In the 18th century, after the Industrial Revolution in England and other European countries, the importance of capital as a means of production increased and this resulted into the origin of a new economic system called Capitalism. In Capitalism, all factors of production are privately owned and government of the nation does not interfere in the economic activities of a country. Profit earning is the sole objective for starting a business. Labour like other factors of production, is also a saleable commodity. Capitalism economy is also known as Free Market Economy as all (producers, sellers, buyers, employers, employees, consumers etc.) are free to enter into any occupation or agreement. Countries with this type of economic systems are: England, Japan, America etc.
Evolution of Capitalism:- History offers various types of capitalism over time. In 17th century, capitalism refers to the total freedom of enterprises or we can call it a Free Market Economy. Government only focused on defence and law and order.
Capitalist, with a view to maximize their profits, exploited the laborers. This fact forced the Government to interfere in the business and make labour protection laws and with the growth of monopolies, further forced the government to widen its scope of its interference in economic system of the country. To achieve the aim of social welfare, government undertook the charge to produce strategic commodities. Government controlled and directed the system of price mechanism. Thus, the today’s capitalism is not a pure type of capitalism or a free market economy. It is a controlled or regulated capitalism.
Features of Capitalism:- Main features of Capitalism are as follows:-
1. Private Property:- Under capitalism, people have full right to use their own or private property in any manner they like and this right is protected by government. They can use the means of production like machine, tools, lands etc. in any manner. In case of death of owner of the property, his property passes to his successors.
2. Price Mechanism:- Price mechanism is the guiding principle of capitalism. In Capitalism, price is determined by the forces of demand and supply. Government does not interfere in the fixation of price. Equilibrium between price and demand is brought through the process of price mechanism.
3. Freedom of Enterprise:- In capitalism, every enterprise is free to choose any kind of business. He can take independent decisions with regard to what, where, how and when to produce.
4. Competition:- In capitalism, freedom of enterprises leads to more and more competition, which ultimately results in efficiency of industrial units and production of goods at low costs.
5. Profit Motive:- The only aim to start the business is to earn and maximize the profit in capitalism.
6. Sovereignty of the Consumer:- Under this economic system, consumer is sovereign. Consumer buys only those things which give maximum satisfaction to them.

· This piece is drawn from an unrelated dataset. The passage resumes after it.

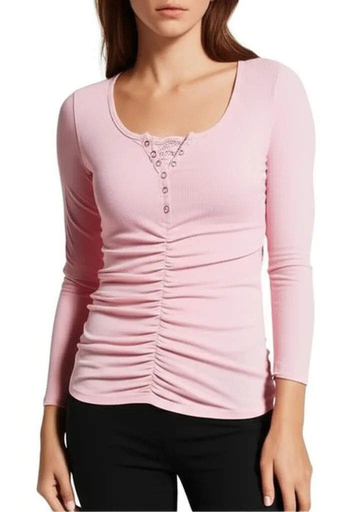 Henley Shirt Womens Size XL Light Pink Ribbed Knit Lace Trim Casual Chic Soft Girl Condition: Good condition. Size: XL Material: 94% Polyester, 6% Elastane Features: Long sleeve, Ribbed knit fabric, Button placket, Lace trim detail Measurements: See pictures. Tags: polyester, elastane, long sleeve, square neck, button placket, relaxed, everyday, layering, feminine, delicate, comfortable, cozy

7. Labour as a commodity:- In capitalism, labour acts as a commodity and can be bought and sold like any other commodity in the labour market. In some cases, exploitation of labour also takes place.
Merits of Capitalism:-
1. Rich Variety of Goods and Services:- In Capitalism, different demands of the consumers are met through diversifying production. Different types of goods and services are produced in order to meet the demands of the consumers.

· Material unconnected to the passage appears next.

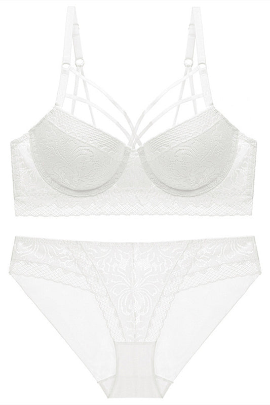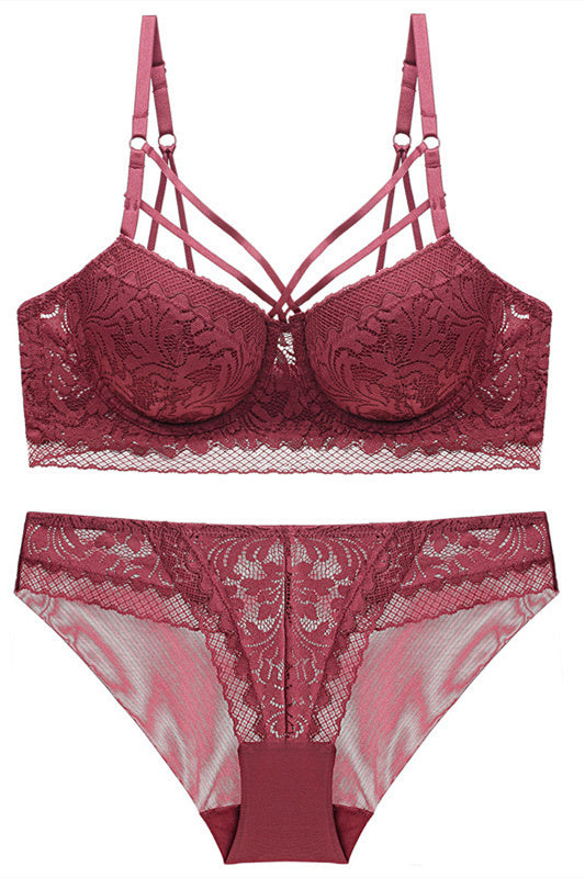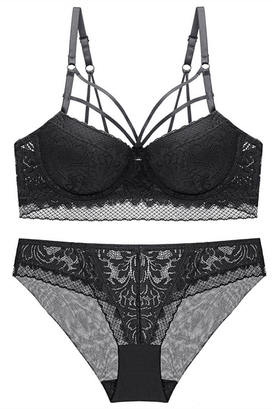Elegant Straps Navy Blue Lace Lingerie Set

2. Proper use of Resources:- The only aim is to earn profit and it is achieved through the optimum and proper use of resources.

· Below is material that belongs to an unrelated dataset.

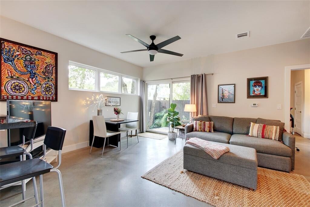 Fabulous contemporary rental unit #A in the heart of Brentwood. Short term lease of min 6 months is available Open airy floor plan includes tons of windows that drench this home with lots of natural sunlight. Kitchen features stainless steel appliances, island and breakfast bar. A single glass door leads to the serene patio, great for entertaining family and friends. Spacious Living/Dining area with lots of natural light windows! Atrium-style staircase that bring the outside inside along with 9 foot ceilings and its wall of windows that wrap around each corner with panoramic views. Sleek natural concrete floors on the main level transition to warm wood floors that go up the stairs and cover the 2nd floor. Spacious Master primary suite that leads to en-suite with a sparkling full bath, separate shower and double sinks and walk-in closet. Plus lots more! Mature tree shades the 1st & 2nd floor patios functional areas perfect for outdoor lounging and daily retreat spaces. Enjoy natural surroundings! Includes ample carport and an additional dedicated parking pad. Walking distance to shops, entertainment & dining close by on Burnet Rd! A quick drive will get you to Downtown, ABIA Airport, and all that Austin has to offer. Your relaxation getaway awaits. Make It Yours!

3. Inducement to Work:- Private ownership and law of succession induces the people to work more, under the capitalism so as to earn more income.
4. Efficient Production:- In Capitalism, every firm tries to compete with one another by producing better quality products and lower prices. Modern and advanced techniques of production are adopted to achieve this aim. It results in efficient production.
5. Increase in the Standard of Living:- More and more quality goods are produced at lower prices through different techniques of production. So this enables the poor people to purchase them at lower prices and consequently they can improve their standard of living.
6. Automatic:- In capitalism, the balance between demand and supply is maintained automatically. If in any case, demand increases the supply, the new producers will enter the market and start producing that product and existing producers will increase its production.
7. Growth of Entrepreneurship:- Various features of capitalism economy like private ownership, competition, profit motive induces the entrepreneurs to become more efficient, competent, hard working and dynamic.
8. Economic Freedom:- In capitalism, everyone enjoys complete economic freedom. Everyone is free to use his property in any manner he likes and there is no restriction on sale and purchase of goods and services.
Demerits of Capitalism:-
1. Unequal Distribution of Wealth:- The greatest demerit of the system is unequal distribution of wealth and income. This inequality is due to private property, less government interference, freedom of enterprise etc. These features of capitalism render rich more rich and poor more poor.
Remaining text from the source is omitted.